Euphorbia ‘Breathless’ is an excellent bed filler staying compact at 40cm but with a 60cm spread. It provides a mist of tiny white flowers from spring through to winter, when it dies down but comes back in spring. It grows best in full sun and needs little care.
A royal flush
Regal pelargoniums flower best in spring and autumn but will flower through winter too if sheltered from cold weather and receive plenty of sun.
‘Novita’ is upright growing and shrubby, with small, serrated leaves and an abundance of medium-sized flowers in vivid colours; purple, red, violet, dark red with a purple eye, and a pink bicolour. The plant is dense and compact. Plant in well drained fertile soil and let the soil slightly dry out before watering. It is also a good container plant. Trim bushes to retain their neat shape.
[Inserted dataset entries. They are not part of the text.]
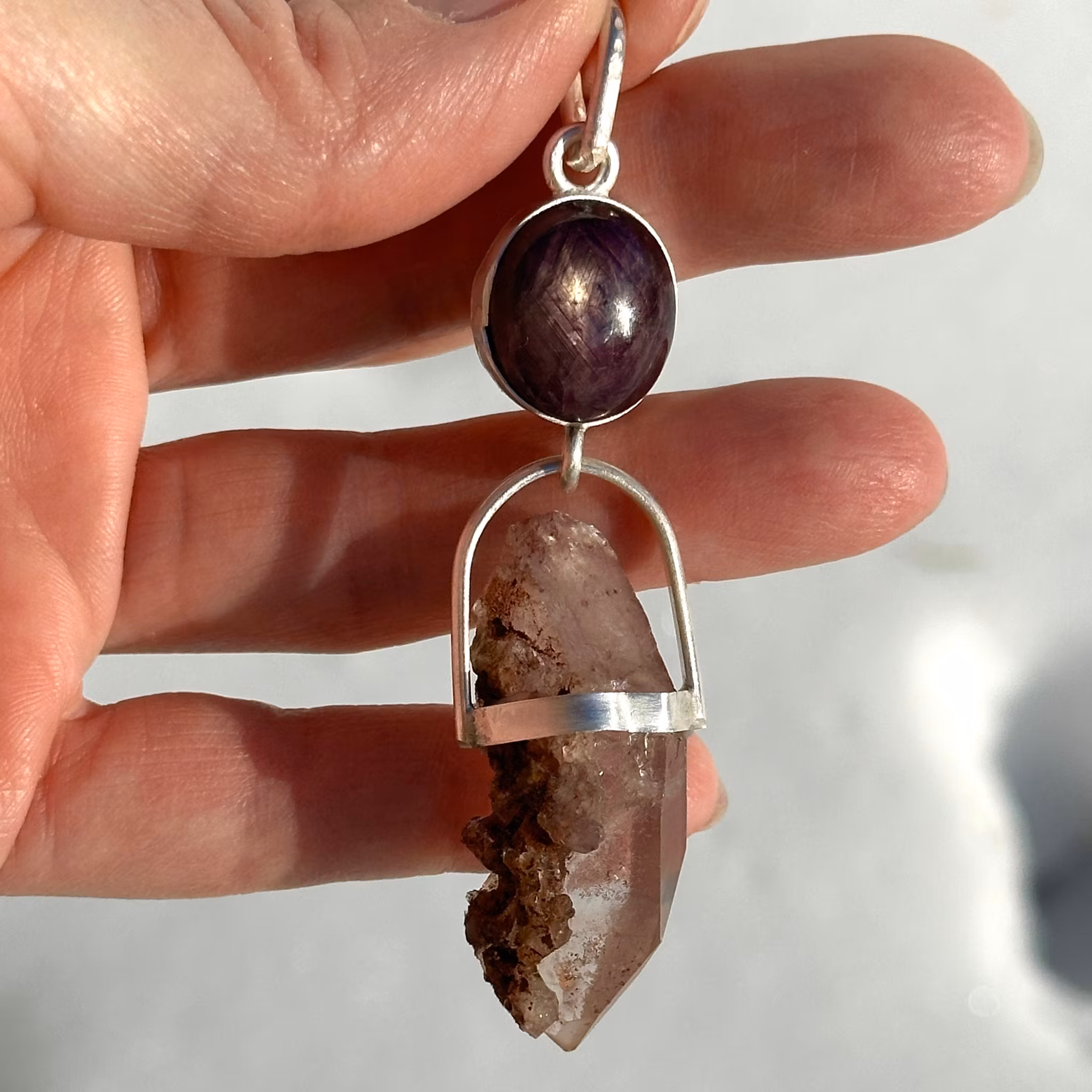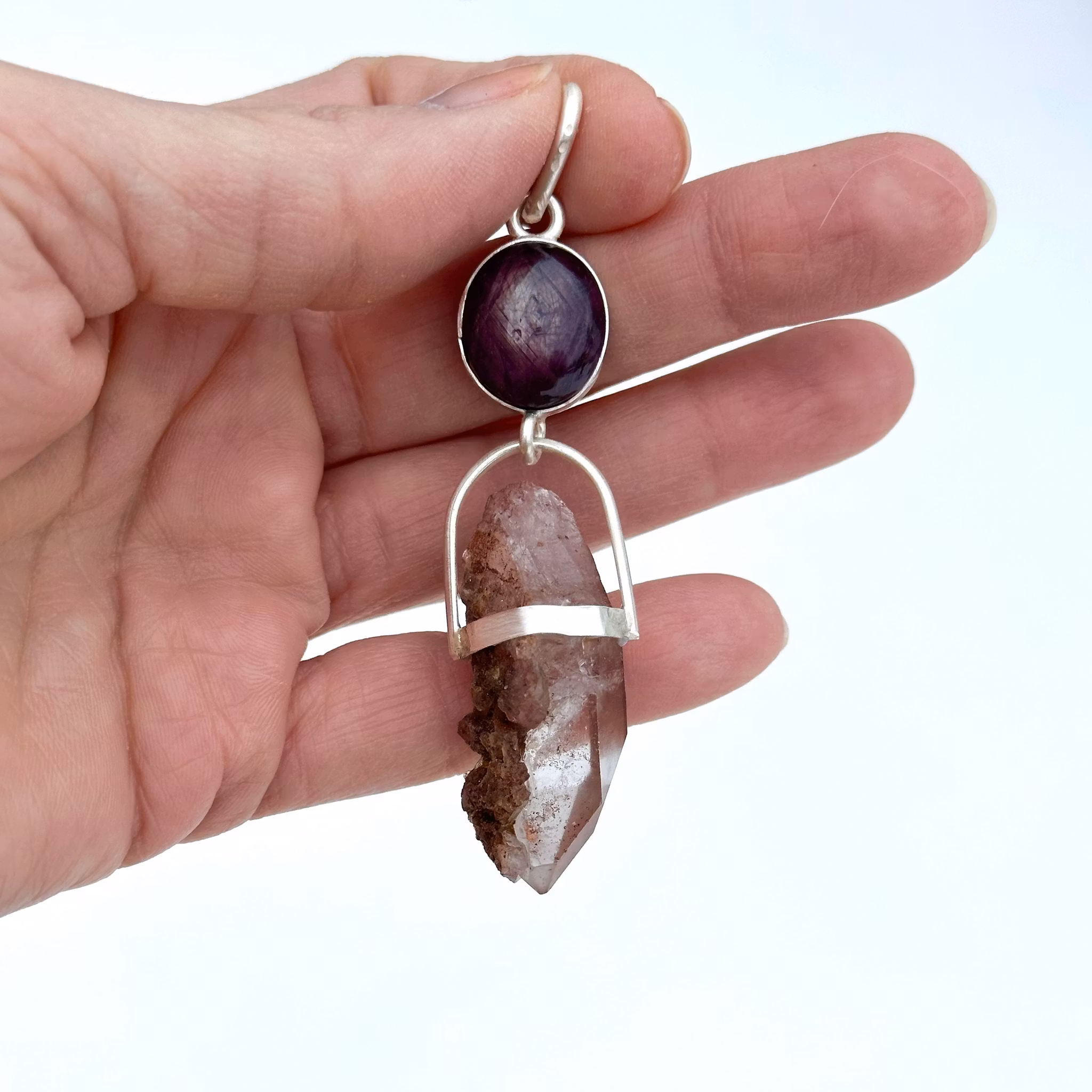 Codes of the Dragon Goddess- Star Ruby with Double Terminated Dragon Blood Lemurian Quartz with Pendant Crystals
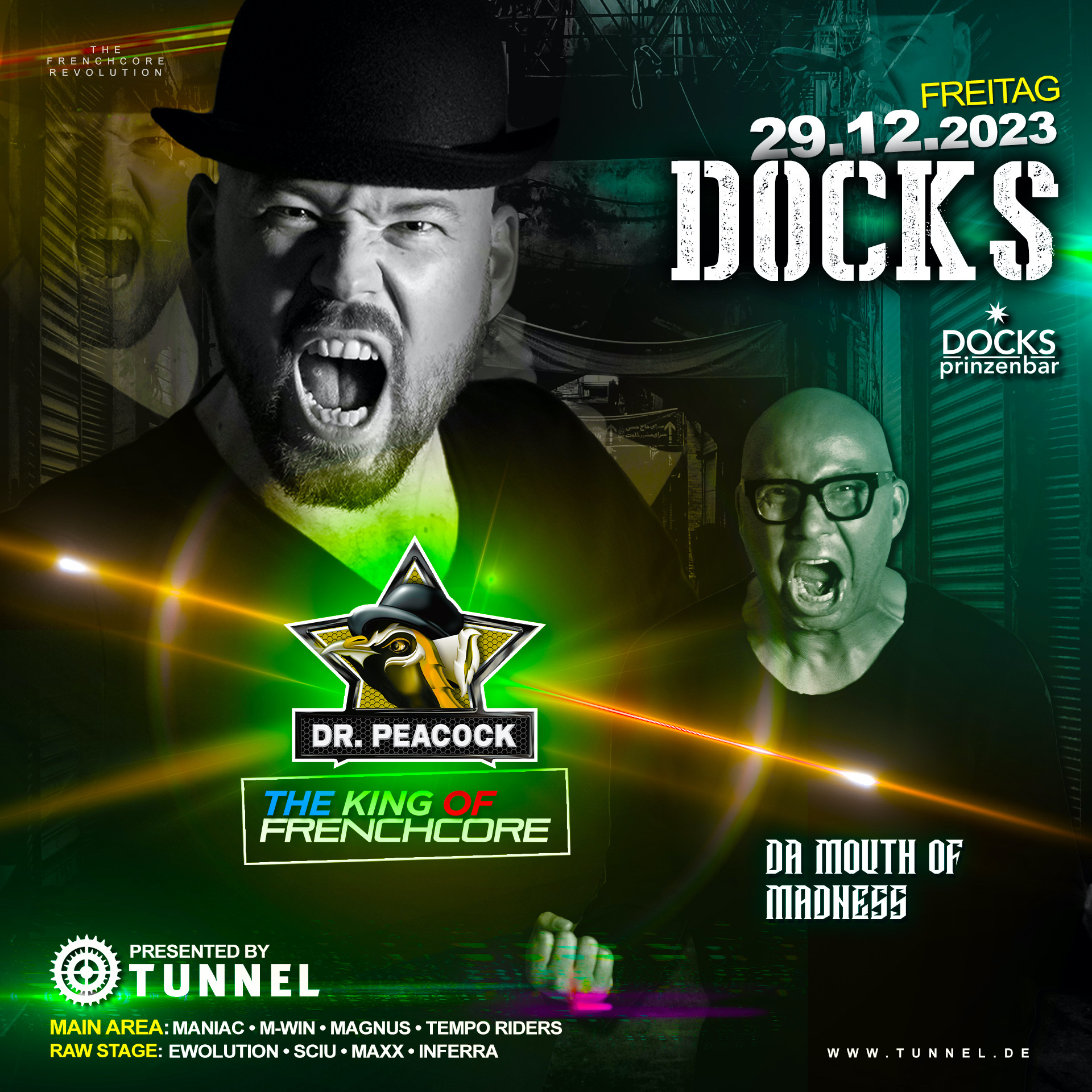 DR. PEACOCK „The One And Only Frenchcore Preacher“ in the House und das natürlich nicht allein: DA MOUTH OF MADNESS, des Doktor´s geniale Stimme auf allen Festivals dieser Welt, kommt ebenso mit ins DOCKS und wird uns zwischen den Tagen den perfekten Abflug besorgen! Support gibt´s u.a. von MANIAC, MAGNUS, M-WIN und den TEMPO RIDERS!
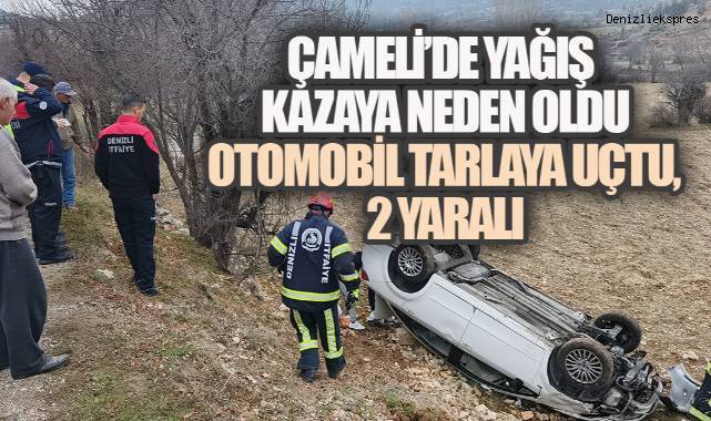 Çameli’de yağış kazaya neden oldu: Otomobil tarlaya uçtu, 2 yaralı

How to get the best from your perennials
- Because perennials remain in the same soil for about four to five years, they need a good foundation. Prepare the soil well, adding plenty of organic matter, compost, bonemeal and a general fertiliser (organic if possible) and dig it over deeply.
- Water regularly and fertilise in spring and midsummer.
- After flowering, cut stems down to the ground. This encourages new growth and in some cases a new flush of flowers.
- Mulch with a thick layer of compost because this continues to feed the soil and keeps the roots cool.
- The appearance of smaller and fewer flowers is usually the signal to divide. The best time to divide is after they have flowered.